Fluent-bit: [BUG] in_tail plugin isn't continue watch log file after logrotate was ran on k8s logs file.

Created on 12 Sep 2017 · 26Comments · Source: fluent/fluent-bit

I have run fluent-bit for k8s, but after run logrotate, in_tail is not watch log file, which has been rotated.
My fluentbit config:

[SERVICE]
  Flush        5
  Daemon       Off
  Log_Level    debug
  Parsers_File parsers.conf

[INPUT]
  Name          tail
  Tag           kube.*
  Path          /log/*_default_*.log
  DB            /log/kube.db
  Mem_Buf_Limit 5MB
[OUTPUT]
  Name stdout
  Match *

My logrotate config

/var/lib/docker/containers/*/*.log {
    daily
    rotate 1
    copytruncate
    compress
    delaycompress
    missingok
    notifempty
}

I thinks something was wrong after logs file has changed outside container, how I reproduce: I run a fluent-bit containers in docker, mount volume [current_folder]:/log

Append log inside containers:

# Run this command inside fluent-bit container
$ echo '{"log":"hello world","stream":"stdout","time":"2017-08-14T07:16:44.331313977Z"}' >> message_default_inside.log
# This work!

append log outside of container

# Run this command outside of fluent-bit container
$ echo '{"log":"hello world","stream":"stdout","time":"2017-08-14T07:16:44.331313977Z"}' >> message_default_outside.log
# This not work!

Trying start, restart sometime.

bug fixed

Source

duythinht

Most helpful comment

I challenge the similar behaviour. We discovered it's related to logrotate "copytruncate" option.

copytruncate

          Truncate the original log file in place after creating a copy, instead of moving the old log file and optionally creating a new one.  It can be used when some program cannot be told to
          close  its logfile and thus might continue writing (appending) to the previous log file forever.  Note that there is a very small time slice between copying the file and truncating it,
          so some logging data might be lost.  When this option is used, the create option will have no effect, as the old log file stays in place.

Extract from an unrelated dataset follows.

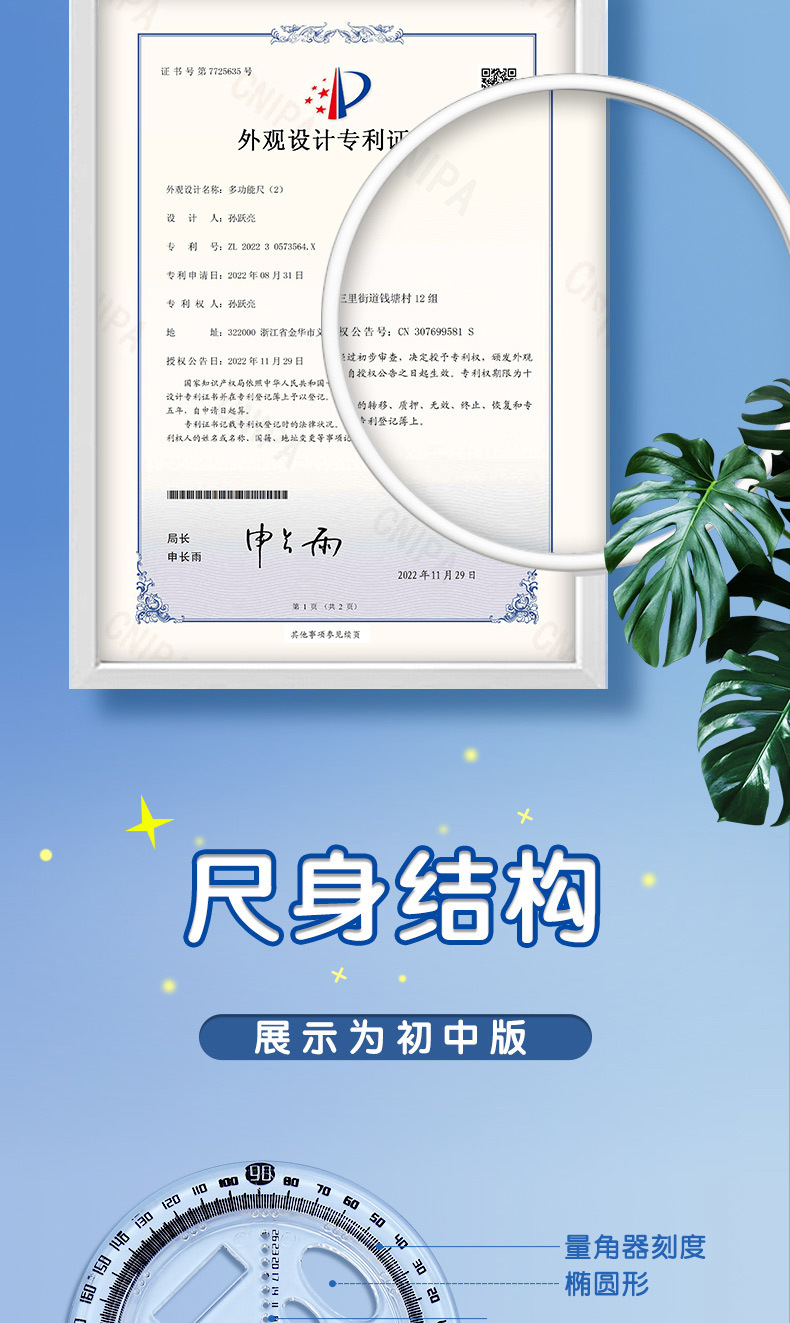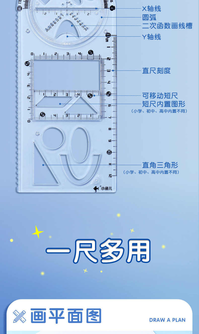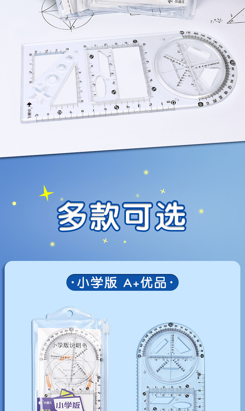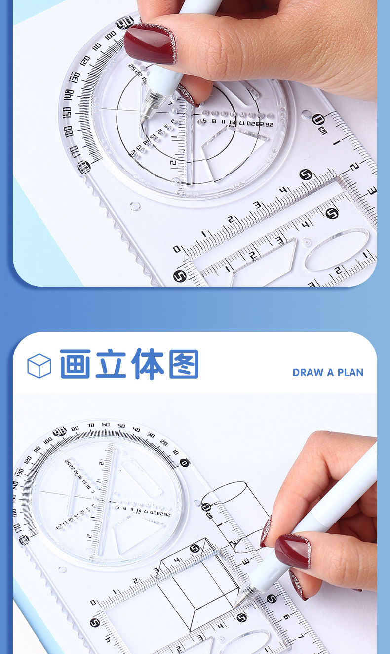 多功能尺子小学生专用初中生几何图形绘画尺三角尺套装制绘图格尺

Fluent bit should recognize number of lines in file, and if that is < then the previous value, it should re-read the file from scratch + reset it's position (whatever to get un-blocked).

epcim on 5 Feb 2018

👍2

All 26 comments

note that when a third-party tool rotate a file Fluent Bit catch this event (which is a file rename), and what it does is to keep monitoring the rotated file for the next 5 seconds (Rotate_Wait option), after that is not longer monitored.

Now when a file is rotated, likely the original application that create the logs will re-create the file (same name), but in order to let Fluent Bit catch that file creation it needs to re-scan the path, this operation is handled by the Refresh_Interval option, by default it re-scan every 60 seconds, I suggest to keep this value low as 5 seconds.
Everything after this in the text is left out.